If the consequences of unlocking your phone are not made clear by the officer, any evidence on the phone could be found inadmissible in court, she added.
The consequences for officers breaching this protocol are small, said Lee, noting that officers might undergo retraining. On the other hand, if an officer doesn’t have to send a locked phone back to a forensic team, it could save valuable time.
After 90 days with the phone, police are compelled to either return the device or apply to a court for an extension, Lee said, noting such applications are usually granted because the police say the forensic lab is really backed up and they need more time to unlock the phone. Only in the most extreme cases — those involving terrorism, murders or gang activity — have police approached technology companies looking for backdoor entry to a device.
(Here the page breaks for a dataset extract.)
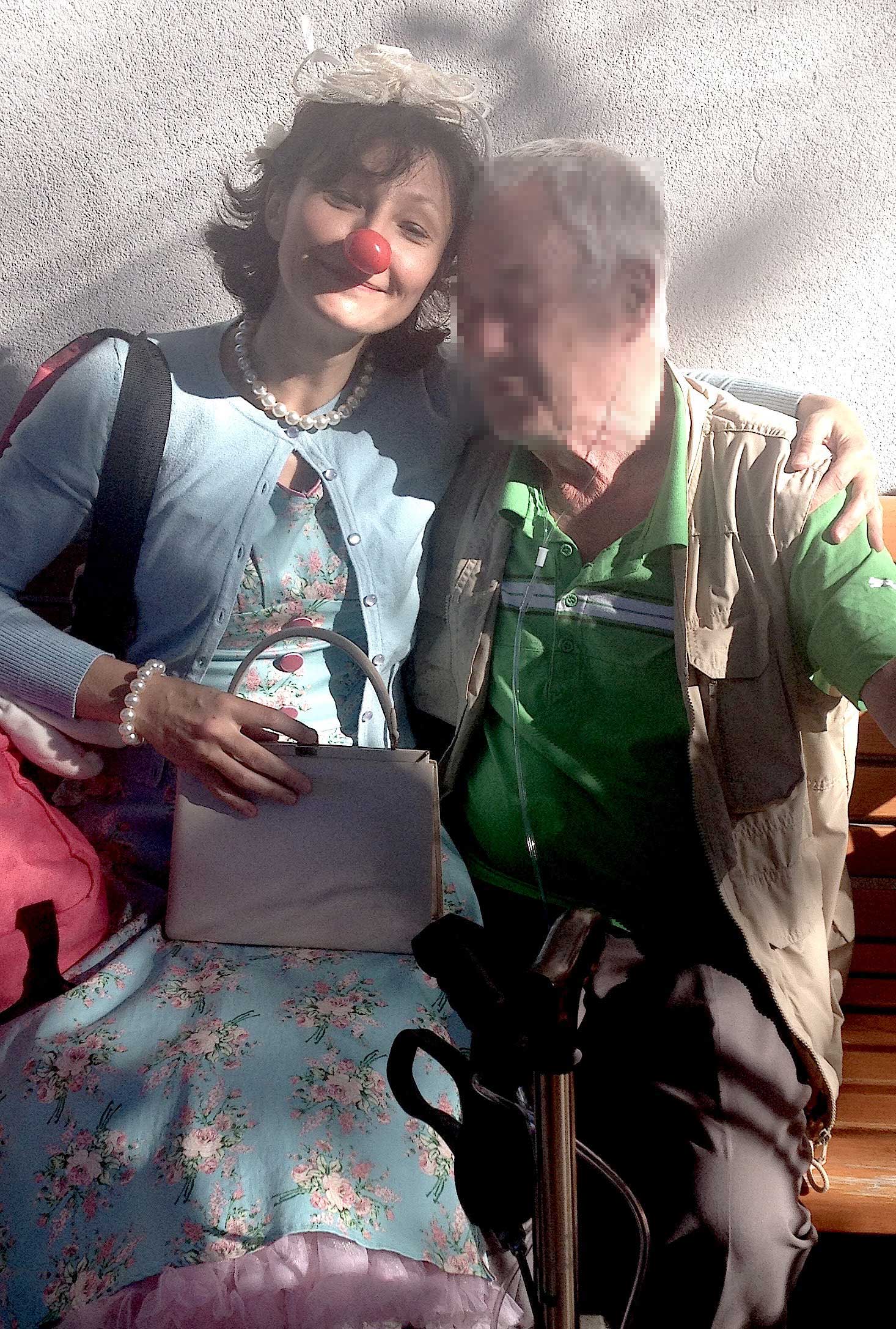 Aufmerksam beobachtend, gehen Brösel und Flora durch die Stationen. Werden die Clowns auch bei älteren Erwachsenen gut ankommen? Brösel spielt auf seiner Ukulele „Veronika, der Lenz ist da“ und Flora singt dazu. Die Patienten, die an Tischen in Aufenthaltsräumen sitzen, blicken auf, lächeln, manche singen mit. Das Eis ist schnell gebrochen. Mit großem Hallo stellen sich Flora und Brösel vor und schütteln viele Hände. Es ist ein schöner, erster Empfang – und der Beginn einer langen, schönen Zusammenarbeit in der Albert-Schweitzer-Klinik.

“Google and Android have said, ‘We're not investigators for the police, we're not participating in this,’” Lee said, adding Canadian law has provided some legal support to companies refusing a backdoor key because it would apply to more than just one phone.
Lee said every week, she deals with clients who have had their phone confiscated by police, and the best she can tell them is to wait the 90 days and, at the end of that period, hope police won’t file for an extension.
“In theory, that person could file a complaint with the Information and Privacy Commissioner, which would be investigated in like, you know, a year and a half from now, they might get some type of damages,” Lee said.
Most of Lee’s cases relate to offences while driving but when it comes to cases involving animals, she has seen people who would not usually find themselves in trouble with the law get emotional and end up having their phone confiscated.